┌─ Exercise material
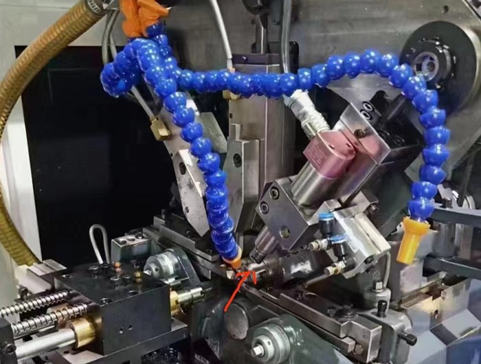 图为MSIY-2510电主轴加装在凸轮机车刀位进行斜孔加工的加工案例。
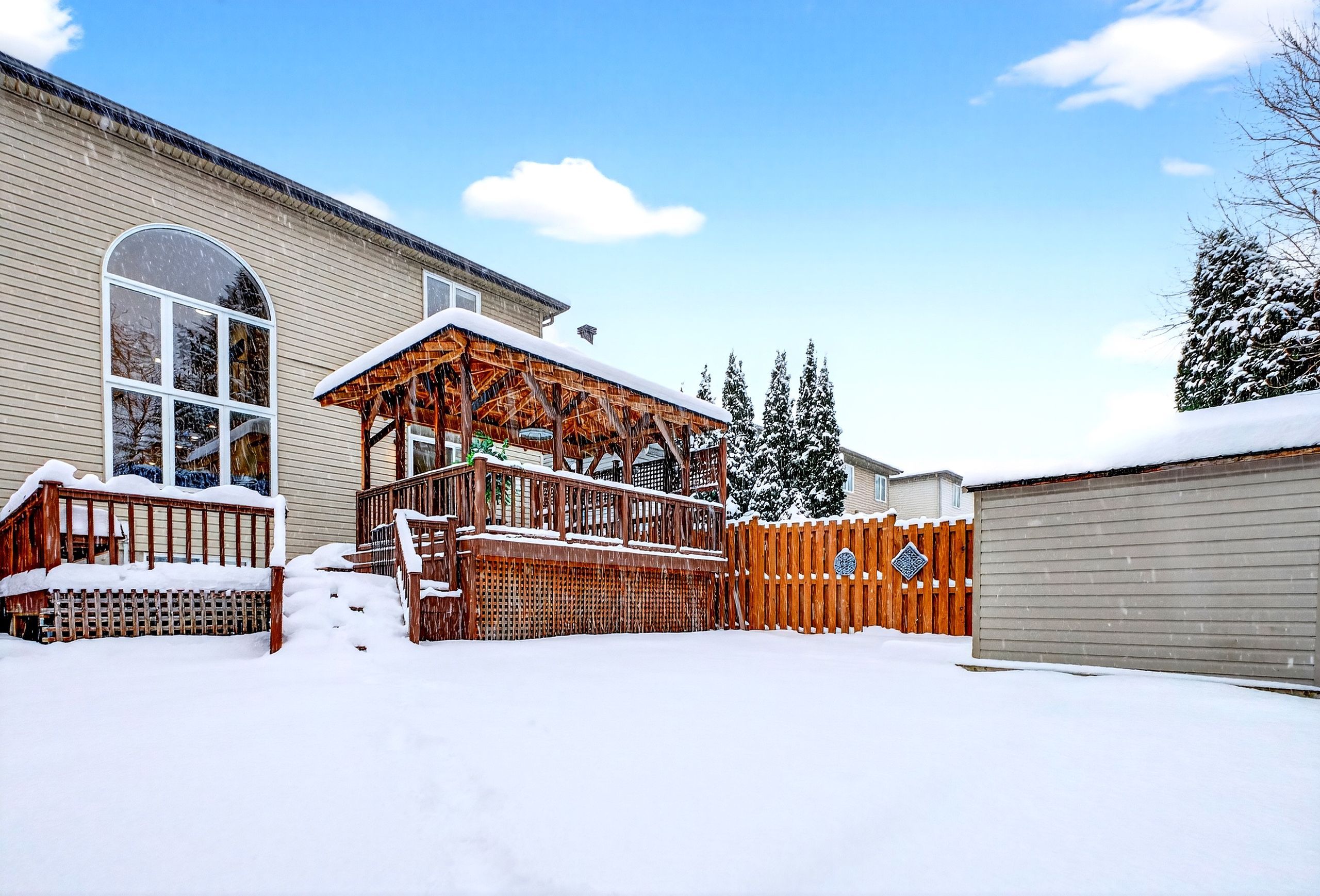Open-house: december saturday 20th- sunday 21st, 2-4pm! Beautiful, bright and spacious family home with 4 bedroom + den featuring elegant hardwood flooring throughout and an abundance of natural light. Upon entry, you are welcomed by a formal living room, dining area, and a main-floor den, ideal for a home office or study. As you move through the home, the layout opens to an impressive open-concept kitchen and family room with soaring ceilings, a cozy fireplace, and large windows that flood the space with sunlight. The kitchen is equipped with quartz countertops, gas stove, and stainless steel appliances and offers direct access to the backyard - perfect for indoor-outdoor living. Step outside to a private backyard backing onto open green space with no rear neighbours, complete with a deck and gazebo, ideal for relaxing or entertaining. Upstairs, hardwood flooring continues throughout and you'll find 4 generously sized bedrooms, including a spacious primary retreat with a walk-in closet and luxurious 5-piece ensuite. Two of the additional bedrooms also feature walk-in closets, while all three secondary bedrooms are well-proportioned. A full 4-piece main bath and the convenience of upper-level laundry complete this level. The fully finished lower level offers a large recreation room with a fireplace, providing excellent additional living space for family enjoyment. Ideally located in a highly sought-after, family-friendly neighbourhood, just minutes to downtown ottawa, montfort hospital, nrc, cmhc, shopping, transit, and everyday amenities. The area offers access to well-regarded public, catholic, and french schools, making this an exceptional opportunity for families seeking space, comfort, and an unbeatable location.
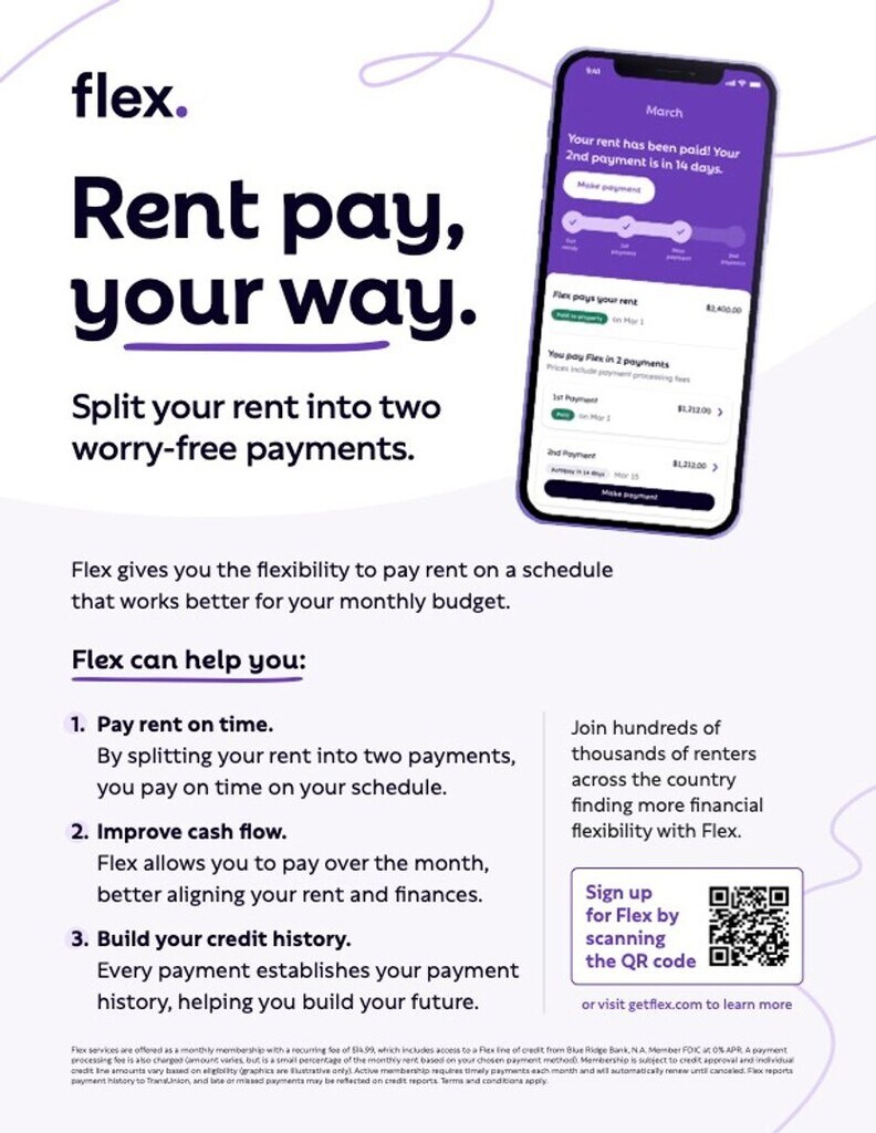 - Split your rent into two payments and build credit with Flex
└─
┌─ Exercise material
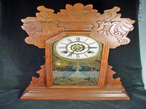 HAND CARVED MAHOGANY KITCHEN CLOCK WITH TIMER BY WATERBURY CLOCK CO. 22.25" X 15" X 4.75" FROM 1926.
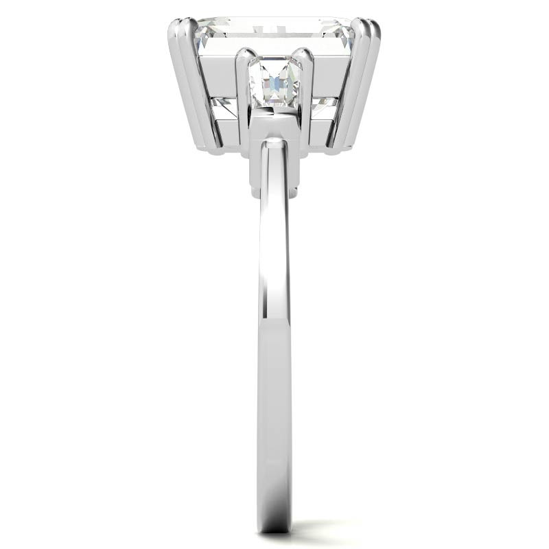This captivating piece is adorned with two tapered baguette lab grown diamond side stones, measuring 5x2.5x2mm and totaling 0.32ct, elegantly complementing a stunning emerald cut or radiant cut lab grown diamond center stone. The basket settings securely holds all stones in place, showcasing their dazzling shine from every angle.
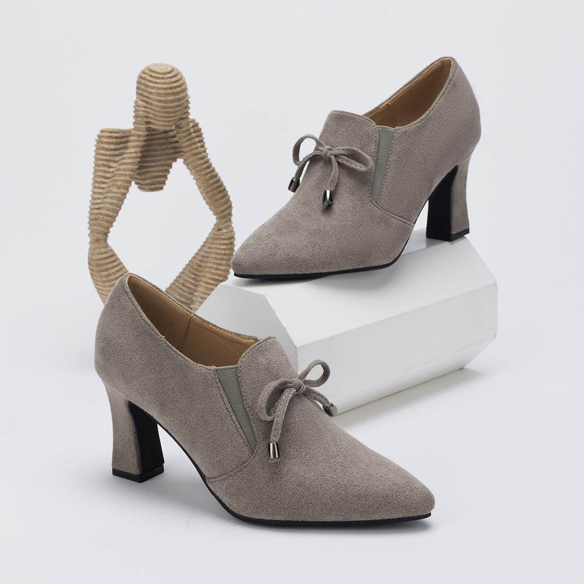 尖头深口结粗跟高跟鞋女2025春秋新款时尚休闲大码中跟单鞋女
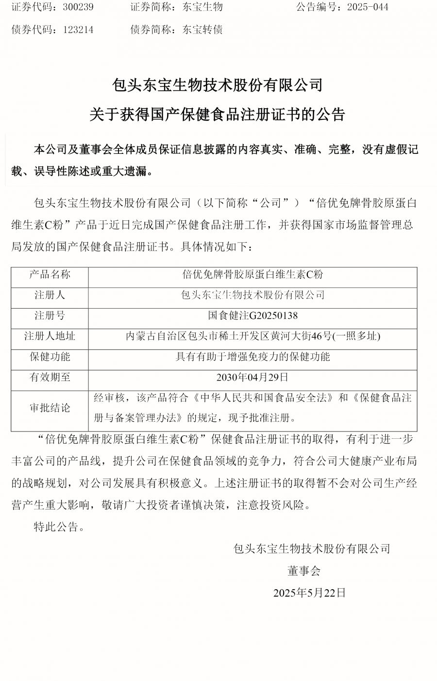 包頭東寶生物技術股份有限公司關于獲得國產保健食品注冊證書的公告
└─
Going by the entries above, repeat exactly the lines that start at the line with "图为MSIY-2510电主轴加装在凸轮机车刀位进行斜孔加工的加工案例。" and go on through the line with "- Split your". Pictures are not part of the copy.

 图为MSIY-2510电主轴加装在凸轮机车刀位进行斜孔加工的加工案例。
Open-house: december saturday 20th- sunday 21st, 2-4pm! Beautiful, bright and spacious family home with 4 bedroom + den featuring elegant hardwood flooring throughout and an abundance of natural light. Upon entry, you are welcomed by a formal living room, dining area, and a main-floor den, ideal for a home office or study. As you move through the home, the layout opens to an impressive open-concept kitchen and family room with soaring ceilings, a cozy fireplace, and large windows that flood the space with sunlight. The kitchen is equipped with quartz countertops, gas stove, and stainless steel appliances and offers direct access to the backyard - perfect for indoor-outdoor living. Step outside to a private backyard backing onto open green space with no rear neighbours, complete with a deck and gazebo, ideal for relaxing or entertaining. Upstairs, hardwood flooring continues throughout and you'll find 4 generously sized bedrooms, including a spacious primary retreat with a walk-in closet and luxurious 5-piece ensuite. Two of the additional bedrooms also feature walk-in closets, while all three secondary bedrooms are well-proportioned. A full 4-piece main bath and the convenience of upper-level laundry complete this level. The fully finished lower level offers a large recreation room with a fireplace, providing excellent additional living space for family enjoyment. Ideally located in a highly sought-after, family-friendly neighbourhood, just minutes to downtown ottawa, montfort hospital, nrc, cmhc, shopping, transit, and everyday amenities. The area offers access to well-regarded public, catholic, and french schools, making this an exceptional opportunity for families seeking space, comfort, and an unbeatable location.
 - Split your rent into two payments and build credit with Flex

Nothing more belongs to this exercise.